The Fed's Excuse Makers Still in High Gear

October 05, 2015

Remember when then Federal Reserve Board Chair Ben Bernanke assured the public that the problems in the financial system will be restricted to the subprime market? This one ranks, along with some comments from and about Alan Greenspan, as one of the worst economic predictions of all time. In other words, the folks at the Fed really missed it.

This is worth remembering because it seems that the Fed is trying to get the excuse making going in advance for the next economic crisis. The NYT reported on a Fed conference where they expressed skepticism as to whether they could stop the next crisis.

There are a range of views presented, not all of them silly. (Using interest rates as the primary tool against bubbles is not a good strategy.) However the idea that the Fed is helpless against bubbles looks like some serious lowering of expectations.

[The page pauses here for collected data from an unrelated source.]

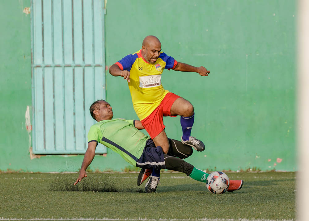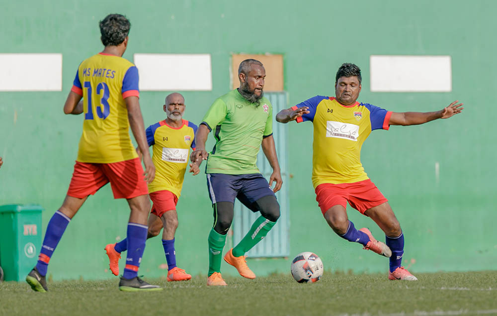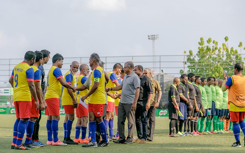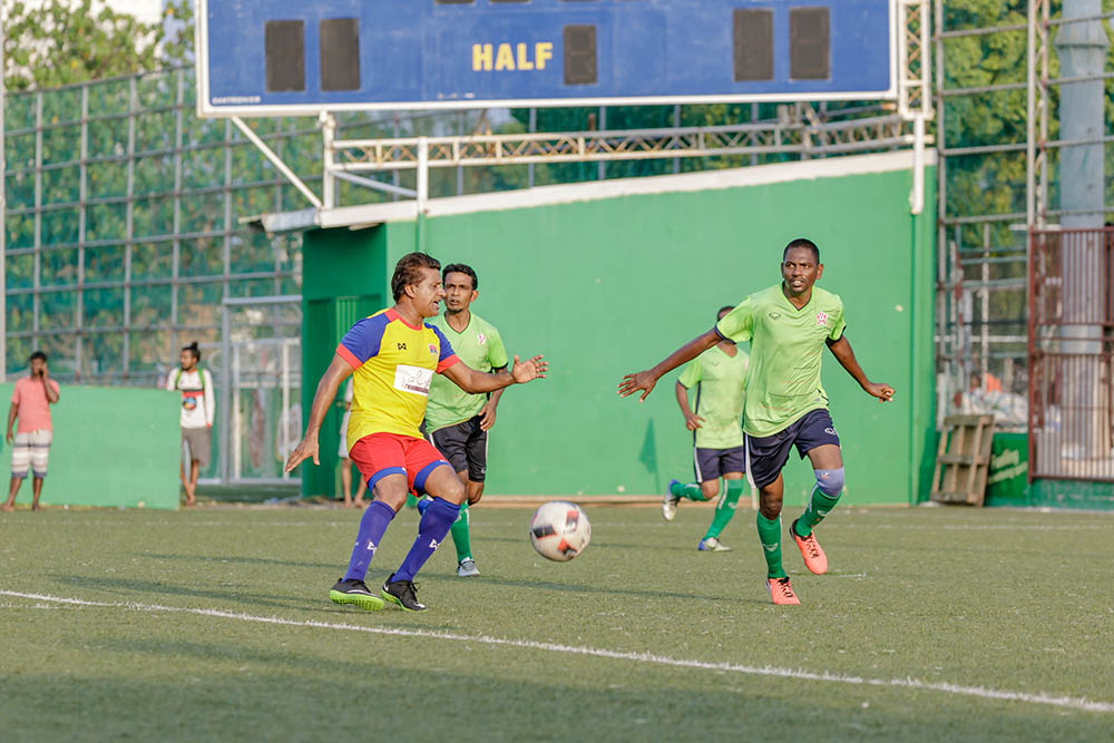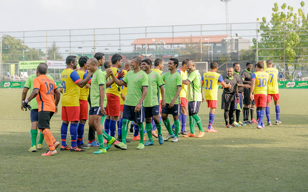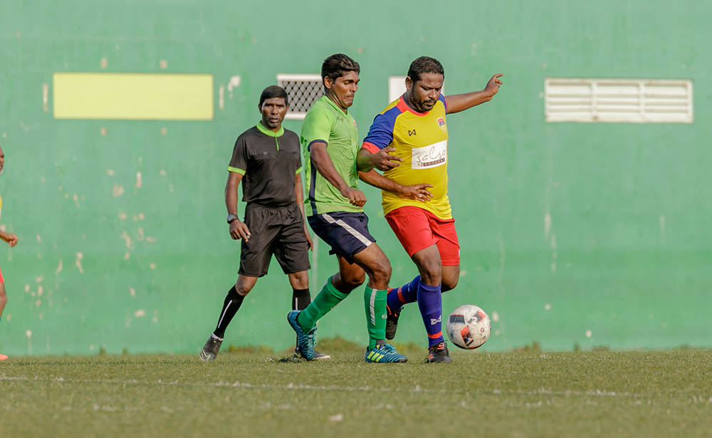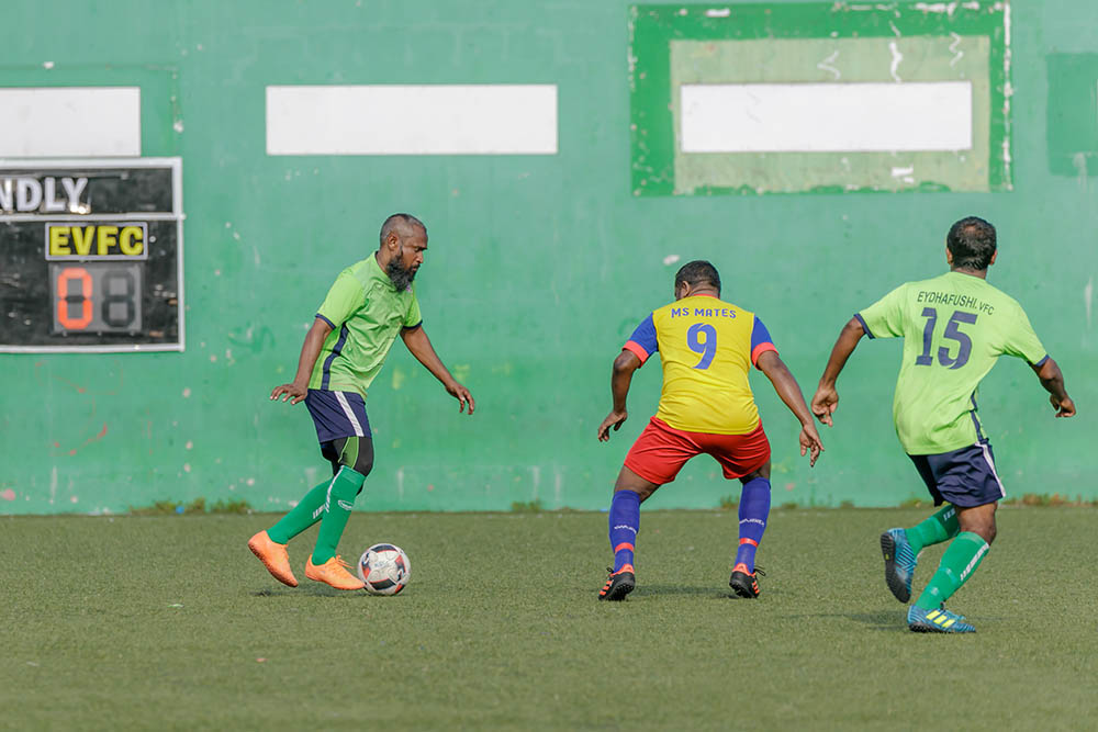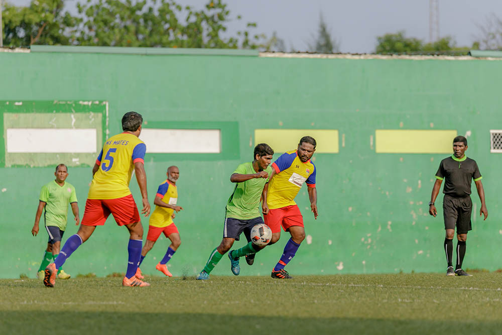 މާލޭގައި މިދިޔަ ހުކުރު ދުވަހު ހަވީރު އޭދަފުށީ ވެޓަރެންސް ޓިމާއި މޯލްޑިވްސް ސޮކާ މޭޓްސް އާ އެކު ކުޅުނު އެކުވެރިކަމުގެ މެޗުގެ ބައެއް ފޮޓޯތައް. މި މެޗު މޯލްޑިވްސް ސޮކާ މޭޓްސް އިން ކާމިޔާބުކުރީ 5-2 އިން. ފޮޓޯތައް؛ ރަމޯން ކަމާލުއްދީން / ސަލްސާ ރިޓްރީޓްގެ ހެޔޮއެދުންތަކާއެކު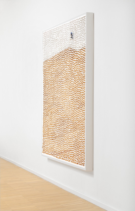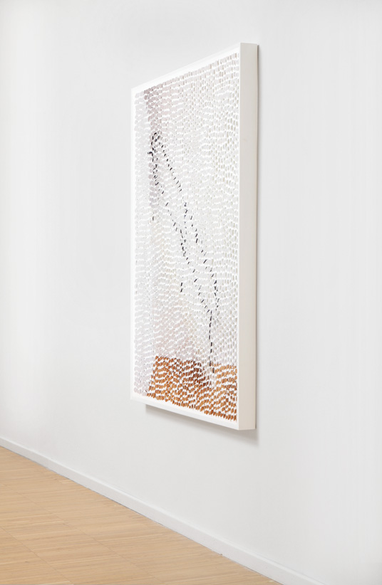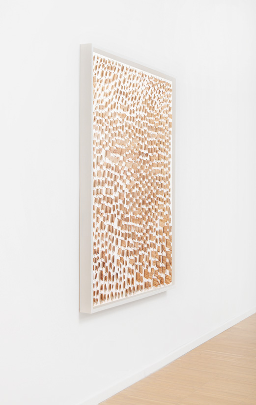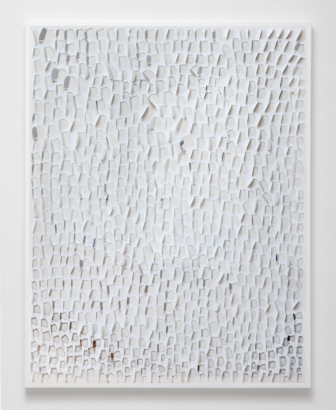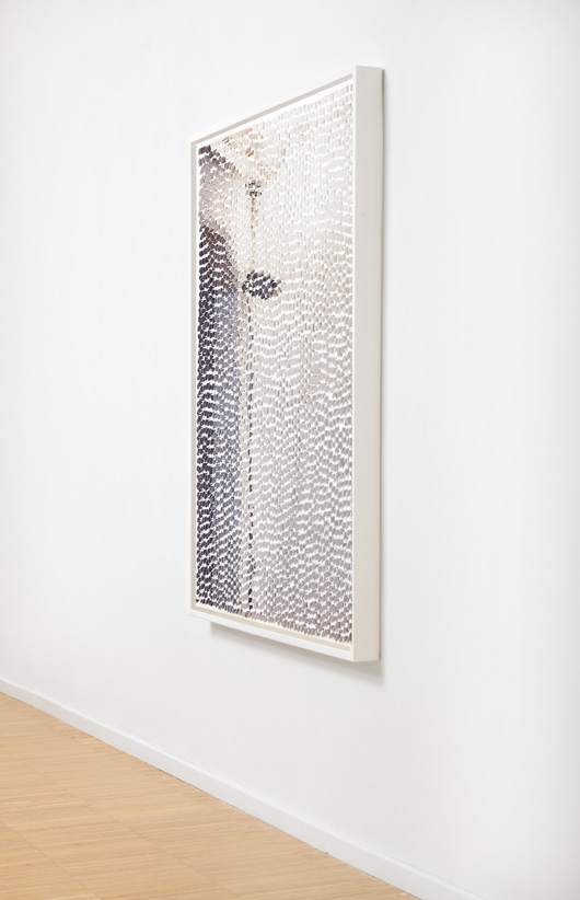 In his third solo exhibition at Luce Gallery, Curtis Mann continues his exploration of the physical image. For this exhibition, Mann uses images made of the gallery space and items or people that exist in the space, prints them, turns them over and then cuts various sized openings in the back of the photographic prints. The slits are then folded out revealing the imagery through distorted windows, which creates a soft, unclear and sometimes confused version of the original image. The work relies on its own physicality and the viewer’s angle of view to give a new and slightly altered reading and presence. The final works offer a physical and sculptural entry to the photographic space and hope to elicit conversations of image, object and the complexities of visual experience. The vision of these successive layers of reality, one above the other, depends solely on the observer, on the point of view that he chooses; thus opening the work to multiple interpretations and giving us the complexity of the viewing experience. The visitor is surrounded by pictures of the space in which he is located, but the images are modified so as to produce a particular effect of estrangement. The gallery becomes a shared space, a place where the works stimulate reflection and vision, but also an area where everyone can be mirrored and, once the confusion disappears, one can find themselves. Curtis Mann uses mainly an approach that is located somewhare between photography and sculpture. In his early works he intervened on images that he found on the web, using photoshop or mechanical work. Today the artist makes another step forward taking the pictures himself, making them the raw material on which he afterwards intervenes with cuts and ripples; thus opening a window - or more than one – on the reality portrayed and on its transformation depending on the point of view of the observer. With Verso Curtis Mann builds up a game of boxes and variations on the subject of the space that sourronds him, a visual and sensory experience.
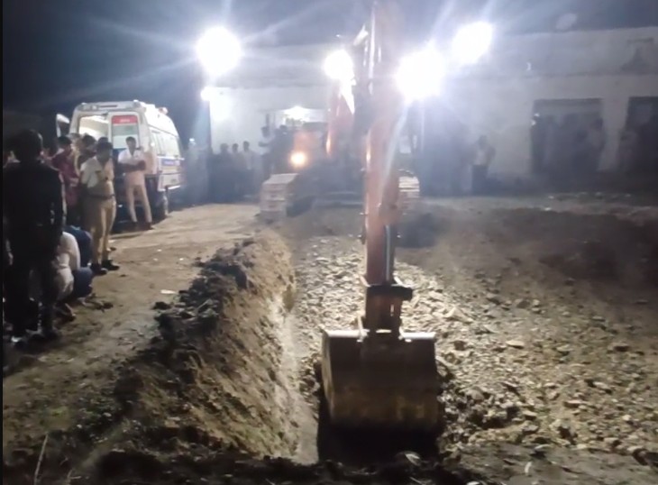 बोरवेल के समानांतर खोदा गया 70 फीट गहरा गड्ढा
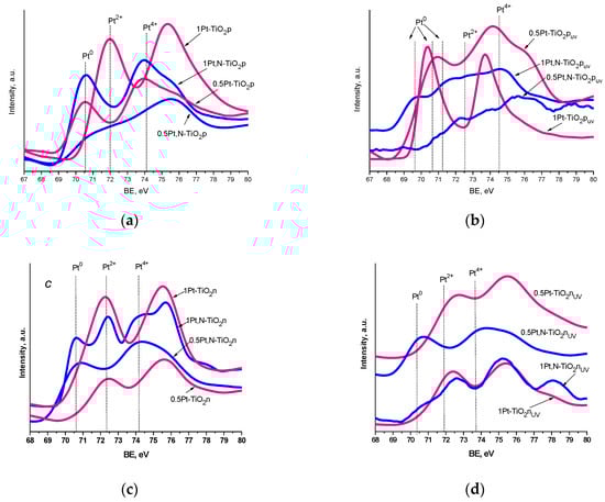 The positions of Pt4f7/2 ascribed to PtO and PtO2 are stated at 72.4 and 74.9 eV, respectively. The deviations of the Pt4f7/2 BE values from the standard ones are observed in our case. The maxima of deconvoluted Pt4f7/2 lines at 71.1–72.1 eV and 74.2–74.6 eV are ascribed to Pt2+ and Pt4+ ions surrounded by Ti as a less electronegative element than Pt in PtO and PtO2 structures, respectively, suggesting the most probable formed fragments are Pt-O-Ti. BE values at 72.3–72.5 eV are assigned to the formation of Pt-O-Pt bonds with the +2 oxidation state of Pt.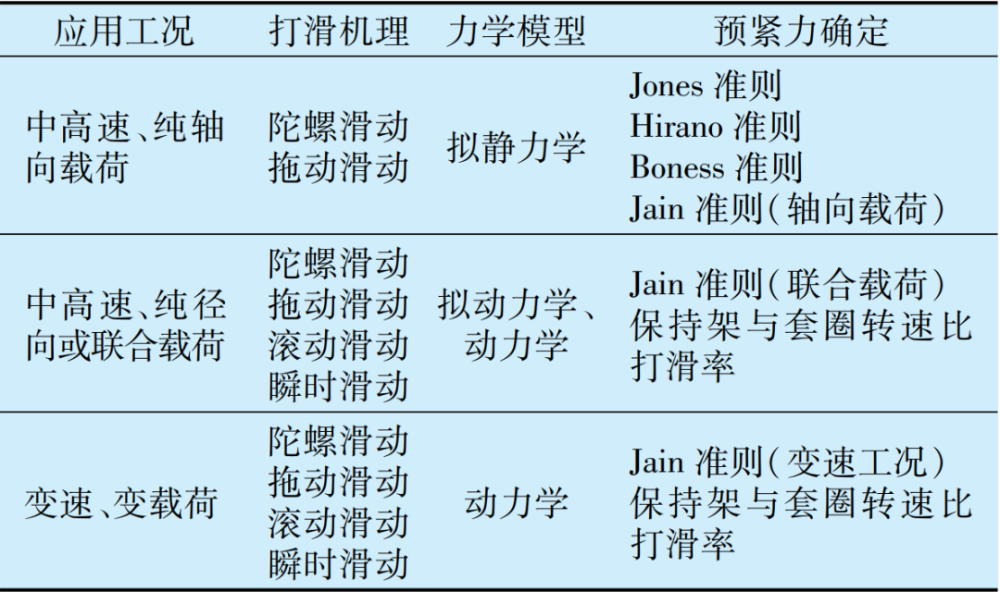 工程實(shí)際中預(yù)防軸承打滑最常用的方式是施加預(yù)緊力。對(duì)軸承施加合適的預(yù)緊力,一方面可防止軸承打滑,降低摩擦發(fā)熱和磨損,提高軸承使用壽命;另一方面,軸承預(yù)緊力影響轉(zhuǎn)子系統(tǒng)的支承剛度和固有頻率,從而影響軸承–轉(zhuǎn)子系統(tǒng)的動(dòng)力學(xué)響應(yīng)。針對(duì)不同應(yīng)用工況,表1總結(jié)了以防止球軸承打滑為目標(biāo)的最小預(yù)緊力的確定方法。

The distortions created by the housing bubble were easy to see by anyone with open eyes. Residential construction as a share of GDP was hitting record levels even as demographics would have suggested the opposite. (Baby boomers were retiring or at least downsizing.) Consumption was hitting record highs as a share of disposable income, driven by housing bubble wealth. House prices had surged by 70 percent above inflation, after tracking the overall inflation rate for the prior century. And the bad loans were there en masse for anyone who cared to notice.

The Fed has a variety of tools but the most simple one is simply talking about a bubble. The financial markets will not ignore information (not a mumbled “irrational exuberance”) from the Fed as they showed in response to Fed Chair Janet Yellen’s comments about bubbles in the social media and biotech sectors.

There is no reason that the Fed should not have been issuing clear warnings (i.e. massive quantities of research) documenting the bubble from 2002 onward. The only cost to the Fed is a few researchers time, the potential savings are in the trillions. That seems a no-brainer. The Fed should have also been using its regulatory power to curb the issuance and sale of bad mortgages, but information is a good place to start.

Also, it is not plausible for an organization that argues an inflation target is important to say that information from the Fed has no impact on markets. It obviously believes otherwise.